## Records for this exercise

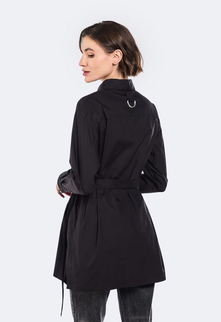 Design: Solid, Attached Belt, Side Slits
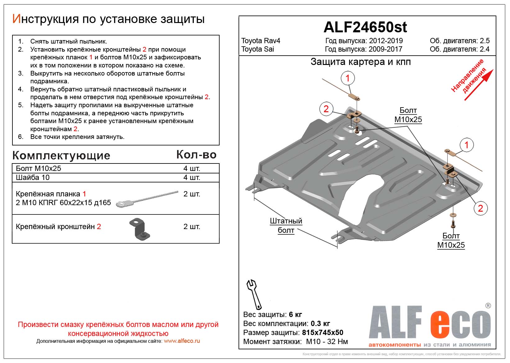 Защита картера и КПП ALFeco арт. ALF24650al-1 изготовлена из алюминия толщиной 4мм специально для автомобиля Toyota Sai 2009-2017. Обеспечивает надежную защиту агрегатов от механических повреждений и попадания дорожной грязи и других предметов, встречающихся на проезжей части, способных зачастую нанести серьезный вред автомобилю. В комплекте идет весь необходимый крепеж для установки. Наличие можно уточнить по телефону. Возможна установка в нашем автосервисе по предварительной записи
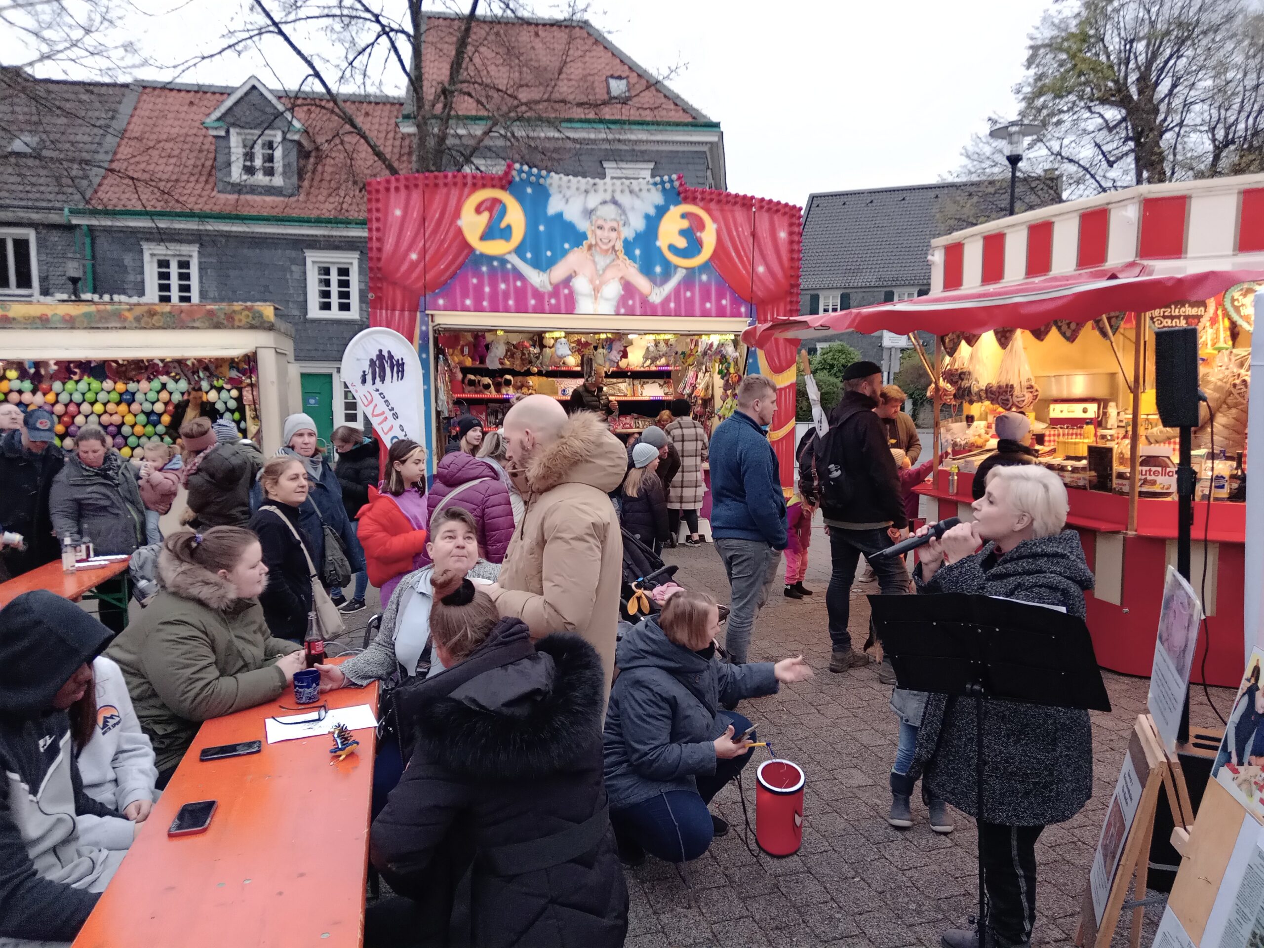 Sängerin Alex Seebald am Samstag und Solisten der Musik- und Orchesterschule Burscheid am Sonntag untermalen die Veranstaltung jeweils um 16.00 Uhr mit Martinsliedern. Für das leibliche Wohl an den beiden Tagen sorgen: Ballettschule „Modern Movement“ aus Wermelskirchen (Kaffe, Kuchen und Waffeln),„Fitzis-Weinzeiten“ (Wein, Glühwein, Kinderpunsch und mehr), die Schaustellerfamilie Kaselowski (Süßwaren) sowie die Eheleute Sciandrello aus Köln, die kurzfristig für den vorgesehenen Imbisswagen eingesprungen sind und herzhafte italienische Spezialitäten anbieten werden. Die Firmen Heim & Haus und Hyla beteiligen sich mit Präsentationsständen, während Petra Tillmanns (ehemals „Bergische Schnatterhütte“) aus gesundheitlichen Gründen ihren Stand mit Handarbeiten absagen musste.
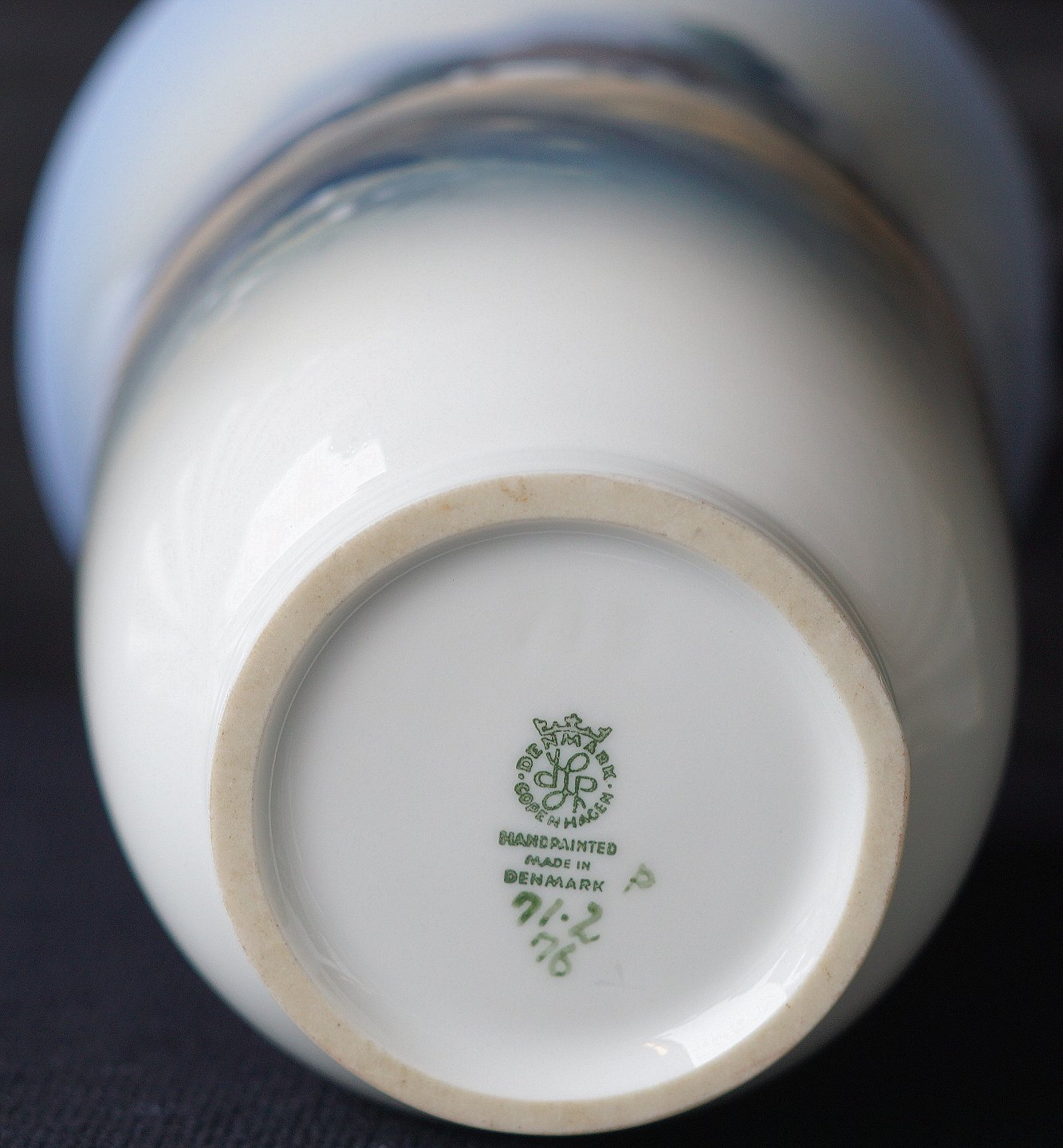 Lyngby Porcelæn, Lyngby. porcelæn, vase, landskab, stråtækt hus, håndmalet
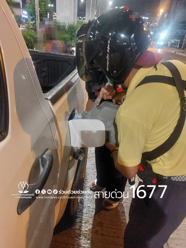 รถประชาชนจอดเสียน้ำมันหมด อยู่ถนนศรีนครินทร์ ขาออก อาสาร่วมด้วยไปจัดซื้อน้ำมัน และนำกลับไปเติมให้เป็นที่เรียบร้อย
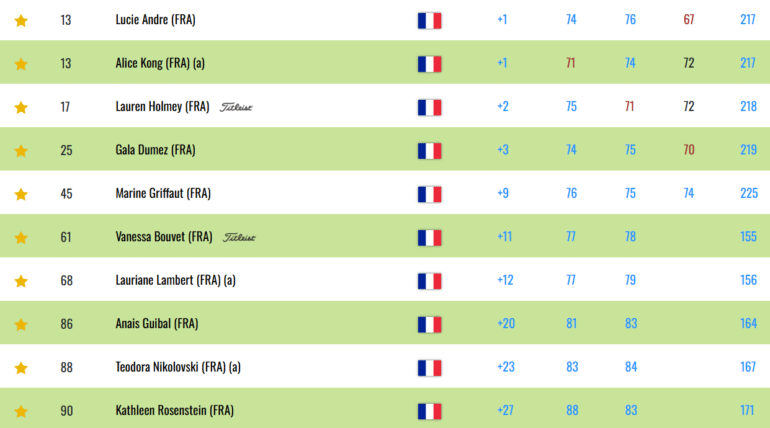 Les Françaises ont fait un bon début de saison avec trois top 20. Parmi ces bonnes performances, celle de l’espoir Alice Kong, 16 ans et déjà victorieuse sur le LETAS. La Francilienne termine 13e ex aequo en +1 total, aux côtés de son ainée, Lucie André (38 ans), auteure d’une des cartes du jour (67). Elles terminent à un coup du top 10.
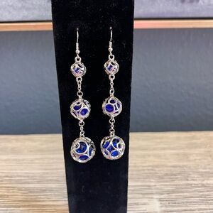 Elegant silver dangle earrings with blue accents. Perfect for any occasion.
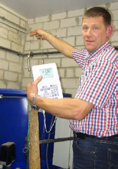 cet éleveur de cochon (2000 têtes) a réduit ses coûts de traitement (antibiotiques etc.) de 3€ à 0,25€ par tête grâce à un PS10 muni d'un détecteur métal, plongé dans l'eau de boisson des animaux.
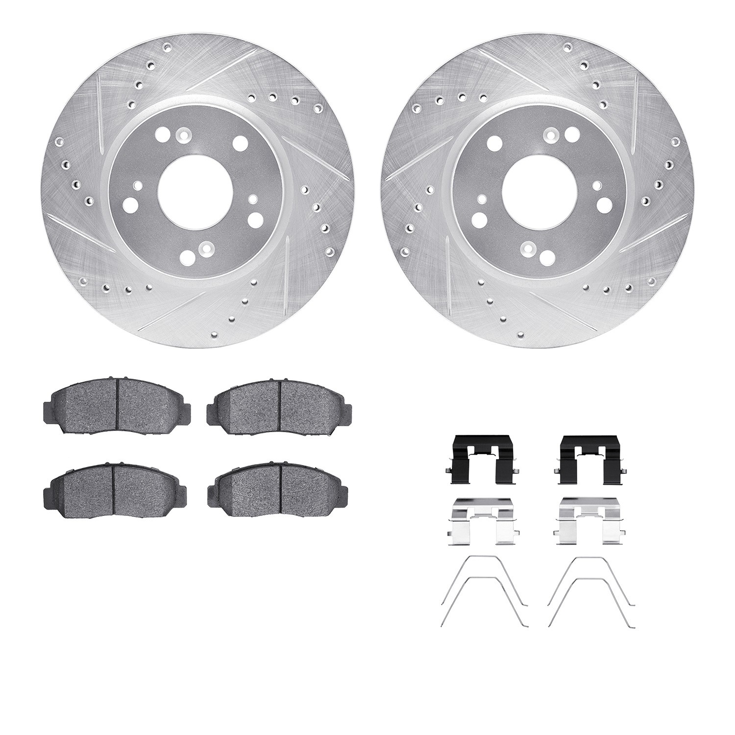 - DFC Rotors-Drilled & Slotted-Silver w/ 5000 Advanced Brake Pads Incl Hdw
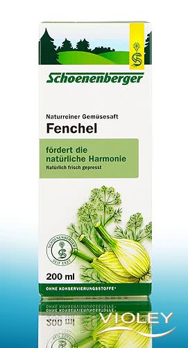Schoenenberger Bio Natuurlijk Venkelsap. Het sap wordt onmiddellijk na de oogst geperst uit verse biologische venkel. Het wordt gekenmerkt door een typisch, fijn aroma. Gemaakt zonder toegevoegde alcohol, suiker (bevat van nature voorkomende suikers) of conserveringsmiddelen.
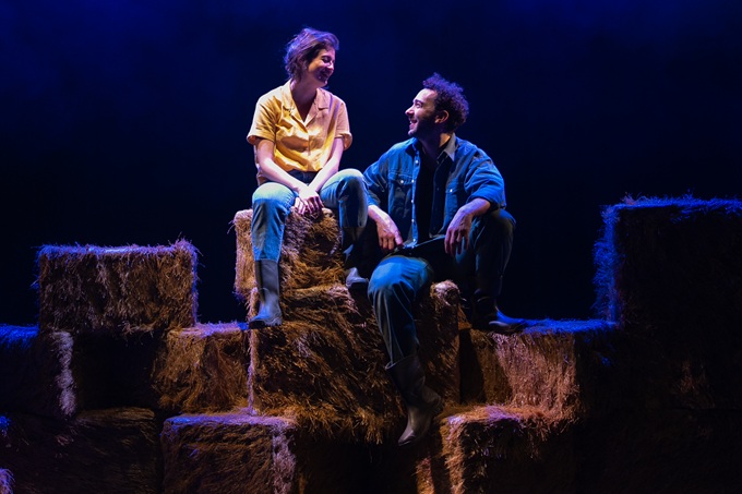 Pour Tout contre la terre, Rémi Couturier fait le choix d’une scénographie épurée, mais d’une redoutable efficacité. Sur scène, quelques bottes de paille constituent l’unique élément de décor. Tour à tour sièges, tables, estrades ou même engins agricoles improvisés, elles témoignent d’une inventivité constante et participent pleinement à la narration. Manipulées par les comédiens, ces structures dessinent sans cesse de nouveaux espaces, rappelant, dans le même mouvement, la pénibilité du travail agricole. À cela s’ajoutent quelques effets discrets mais maîtrisés : une légère fumée évoquant la poussière de la ferme tandis qu’une bande sonore douce, portée par des arpèges de guitare, accompagne avec justesse les moments les plus émouvants. Le travail sur les lumières, quant à lui, permet d’isoler les personnages les uns des autres sur scène, ou de marquer les transitions temporelles, notamment lorsque le présent bascule imperceptiblement dans le souvenir.
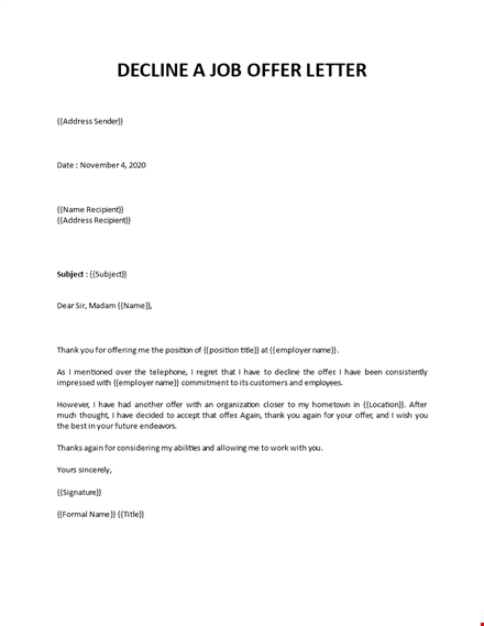 If you want to decline a job offer, for example, because the current employer gave you a better offer, the new job requires you more traveling or long commute, than you can accept, or due to salary, make sure that you are honest but also diplomatic. It's possible that you have had several job interviews and a few companies, and you received 2 or more job offers.
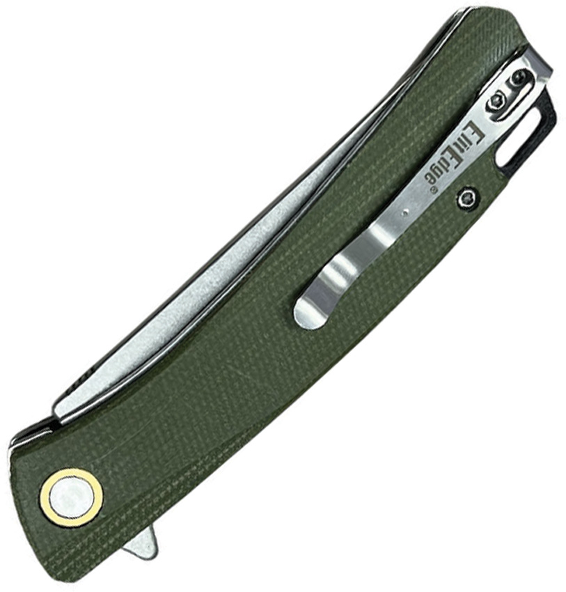 4.5″ (11.43cm) closed. 3.5″ (8.89cm) stonewash finish D2 tool steel blade. Green micarta handle. Extended tang. Lanyard hole. Pocket clip. Boxed.

## Task description
Leave out the pictures and copy exactly the lines from the one with "Schoenenberger Bio Natuurlijk" through the last line of the records above.

## Task solution
Schoenenberger Bio Natuurlijk Venkelsap. Het sap wordt onmiddellijk na de oogst geperst uit verse biologische venkel. Het wordt gekenmerkt door een typisch, fijn aroma. Gemaakt zonder toegevoegde alcohol, suiker (bevat van nature voorkomende suikers) of conserveringsmiddelen.
 Pour Tout contre la terre, Rémi Couturier fait le choix d’une scénographie épurée, mais d’une redoutable efficacité. Sur scène, quelques bottes de paille constituent l’unique élément de décor. Tour à tour sièges, tables, estrades ou même engins agricoles improvisés, elles témoignent d’une inventivité constante et participent pleinement à la narration. Manipulées par les comédiens, ces structures dessinent sans cesse de nouveaux espaces, rappelant, dans le même mouvement, la pénibilité du travail agricole. À cela s’ajoutent quelques effets discrets mais maîtrisés : une légère fumée évoquant la poussière de la ferme tandis qu’une bande sonore douce, portée par des arpèges de guitare, accompagne avec justesse les moments les plus émouvants. Le travail sur les lumières, quant à lui, permet d’isoler les personnages les uns des autres sur scène, ou de marquer les transitions temporelles, notamment lorsque le présent bascule imperceptiblement dans le souvenir.
 If you want to decline a job offer, for example, because the current employer gave you a better offer, the new job requires you more traveling or long commute, than you can accept, or due to salary, make sure that you are honest but also diplomatic. It's possible that you have had several job interviews and a few companies, and you received 2 or more job offers.
 4.5″ (11.43cm) closed. 3.5″ (8.89cm) stonewash finish D2 tool steel blade. Green micarta handle. Extended tang. Lanyard hole. Pocket clip. Boxed.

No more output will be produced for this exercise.